Matched against top players from around the country, he had a team-high five receptions for 68 yards in the East's 35-3 loss to the West in the U.S. Army All-American Bowl Saturday in San Antonio, Texas.
"I think his ability to return punts and kickoffs is what sets him apart," Lincoln coach David Wilson said. "He's impressive as a wide receiver, but returning the kicks and the punts are what makes him very special."
Rouse has had so many spectacular returns, choosing among them is like deciding which of your children you like best, Wilson said.
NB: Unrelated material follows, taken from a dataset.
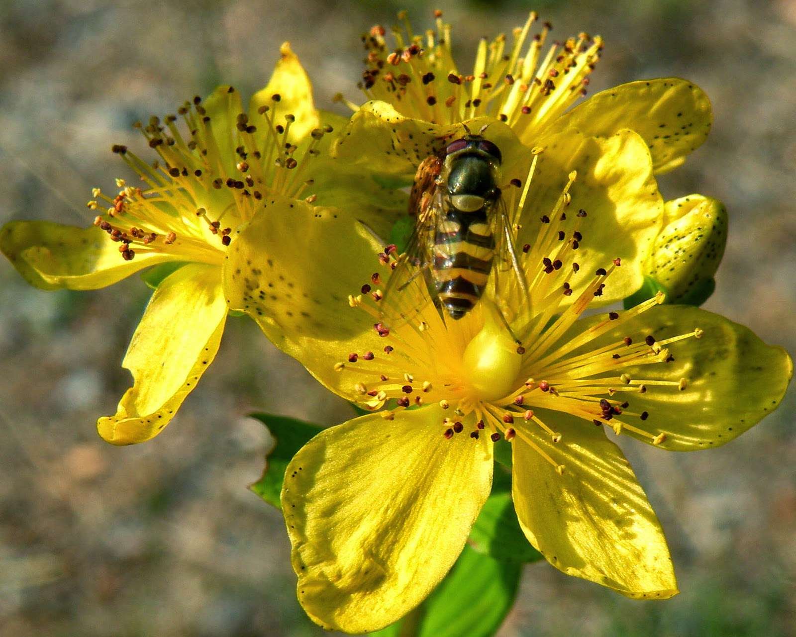 Πάνω στα χρυσοκίτρινα άνθη του, τα οποία συγκεντρώνονται στις κορυφές των βλαστών του μπορεί κανείς να δει διάσπαρτα τα μικροσκοπικά ημιδιαφανή στίγματα που δίνουν την αίσθηση πως είναι διάτρητα.

But Wilson can't forget the time Rouse broke five tackles while returning a punt late in the first half of a 49-0 victory over Leon in 2003.
"I thought he was tackled about five times, and he ended up returning it for a touchdown," Wilson said. "That was a huge play for us. There was a minute and a half left in the half. It was sort of the backbreaker."
Rouse's athletic ability was obvious from his first day of practice.
"A lot of big kids don't have the flexibility and the hips and that kind of stuff," Rice said. "He's so smooth running. It was evident he was going to be something special."
Rouse didn't see much playing time as a freshman on Lincoln's 2001 state championship squad, but he opened eyes as a sophomore, returning a couple of kickoffs and punts for touchdowns and making key plays at critical moments of playoff games.
Rouse's breakout season brought with it the burden of expectations from himself and others.
But he didn't just meet them, he surpassed them.
"I think he realized what he wanted to do and where he wanted to be and decided he was going to go after it," Rice said.
Though he always had athletic ability, Rouse had to learn to improve his route running and understanding of the game. A regular presence in the football office and weight room after school, he improved through film study and experience.
Instincts helped, too.
"Certain kids have a knack for it," Wilson said.
If there's a knock on Rouse, it's that defenses sometimes can tell by his body language when he's not getting the ball.
But even that will change, Blustein said.
"He wants to be the guy, a Randy Moss type of guy," Blustein said. "Whether he goes to Texas, Florida State or Miami or Alabama, he's an impact player, a kid who won't sit on the bench. You can't. You've got to put him in the game somewhere. He's a rare guy as a football talent."